Guidearr is a self‑hosted M3U / IPTV playlist editor — the same engine that runs the playlist tooling on RockMyM3U.com, packaged as a standalone, Dockerized application you can run on your own server.
It gives you a clean web UI for importing, editing, reordering and exporting M3U playlists and EPG/TVG data, wrapped in a hardened Laravel application with a built‑in admin panel for user management, environment configuration and branding.
Built on Laravel 13 + Livewire + Flux, served over HTTPS by nginx, with MySQL for storage — all orchestrated with Docker Compose.
- Features
- Tech stack
- Requirements
- Quick start
- Configuring
.envfor the first time - Environment variable reference
- TLS certificates
- The admin panel
- Resetting the admin password
- Branding & logo sizes
- Cloudflare Turnstile (CAPTCHA)
- Background feeds, scheduling & health
- Applying configuration changes
- Common maintenance commands
- Updating
- Versioning
- Tests & CI
- Troubleshooting
- Project layout
- License
Playlist editing
- Web-based M3U playlist editor with channel/group management.
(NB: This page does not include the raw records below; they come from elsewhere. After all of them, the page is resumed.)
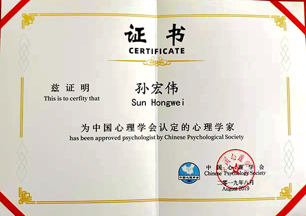 近日,中国心理学会发布聘书,认定潍坊医学院副院长孙宏伟教授为全国第八批心理学家,该批次全国共有22位专家学者入选,孙宏伟教授是该批次我省唯一入选者。
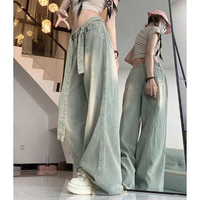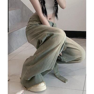 デニムパンツ デニムパンツ ワイド バギー ロング ゆったり サンド 太め レディース 韓国ファッション 大きいサイズ ストリート ヒップホップ 体型カバー 衣装
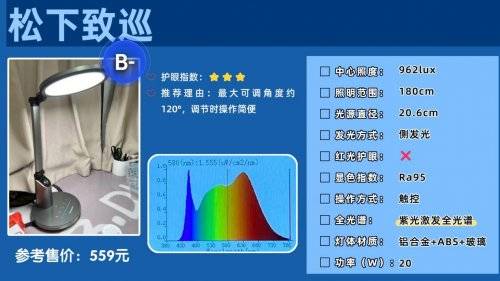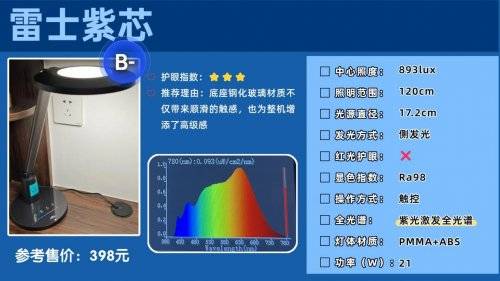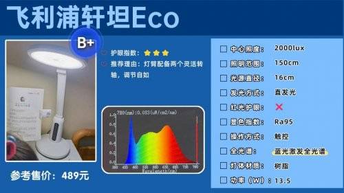 简介:3900K-5700K色温可调,侧发光,蓝光较高,护眼效果中规中矩

- EPG / TVG data handling.
- Export playlists for use in your IPTV clients.
Authentication & accounts
- Email + password login backed by Laravel Fortify.
- Two‑factor authentication (TOTP authenticator apps) and passkeys.
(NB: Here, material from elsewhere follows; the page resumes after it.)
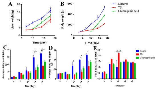 It can be found that there is a similar varying tendency among average daily feed intake, body weight and liver weight in different periods. The average feed intake, body weight, and liver weight in the TD group were lower than in the control group, which indicates a decreased growing ability. However, the feed conversion ratio in the TD group was higher than the control group and chlorogenic acid group, especially at day 10 (** p < 0.01), which represents a fast-growing period in TD development. After the application of chlorogenic acid, the growth of broilers was significantly promoted (p < 0.05), and the feed conversion ratio became normal compared with the TD group, while CGA significantly (p <0.05) increased the ADFI and FCR of TD-affected chickens (Figure 2). This evidence indicates that TD-affected chickens taking the chlorogenic acid display a healthy and positive growth state.
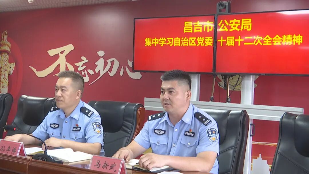 “我们要带头学习贯彻自治区党委十届十二次全会精神,紧密结合公安工作和公安改革实际,深入思考落实,带领广大公安干警不断把学习成果转化为做好新时代公安工作的生动实践,聚焦主责主业,强化队伍管理,严厉打击违法犯罪,全面从严管党治警,把维护国家安全、维护社会稳定、保障人民安宁贯穿到公安工作的各方面全过程,以实际行动维护人民群众生命财产安全,全力确保辖区社会大局持续长期稳定。”昌吉市公安局党委委员副局长孙丰博说。

- Code‑based email verification (a 6‑digit code, valid 15 minutes — no link to click).
- Optional "registration requires admin approval" mode.
- Optional Cloudflare Turnstile CAPTCHA on registration, admin login and email verification.
Admin panel (at a configurable, hard‑to‑guess URL)
- Status page with user/pending/banned counts and a one‑click Reload services action.
- Users — list, search/filter, edit (name, email, role, status, verification, password), enable/ban, mark verified/unverified, and delete, with guards that stop you banning/deleting yourself or the last admin.
- Environment — edit
.envsafely from the browser: secrets are masked,APP_KEYis locked, every save is backed up and written atomically, and caches are cleared automatically. - Branding — upload a separate app icon and logo, and set the footer copyright.
Operations & security
- HTTPS‑only, served by nginx with HTTP/2.
- Configurable admin path to reduce automated
/adminprobing. - First admin login forces a password change.
- Bootstrap/recovery admin account driven from
.env.
Providers, EPG & background refresh
- Add M3U, Xtream Codes, XMLTV or manual providers; channels and guide data import in the background.
- Per‑provider daily auto‑refresh at a configurable hour, plus on‑demand refresh from the UI.
- A long‑running worker processes a refresh queue; a scheduler enqueues providers when their daily time arrives.
- Guide enhancement synthesizes EPG programmes for event / PPV channels that carry their event in the channel name but ship no guide of their own.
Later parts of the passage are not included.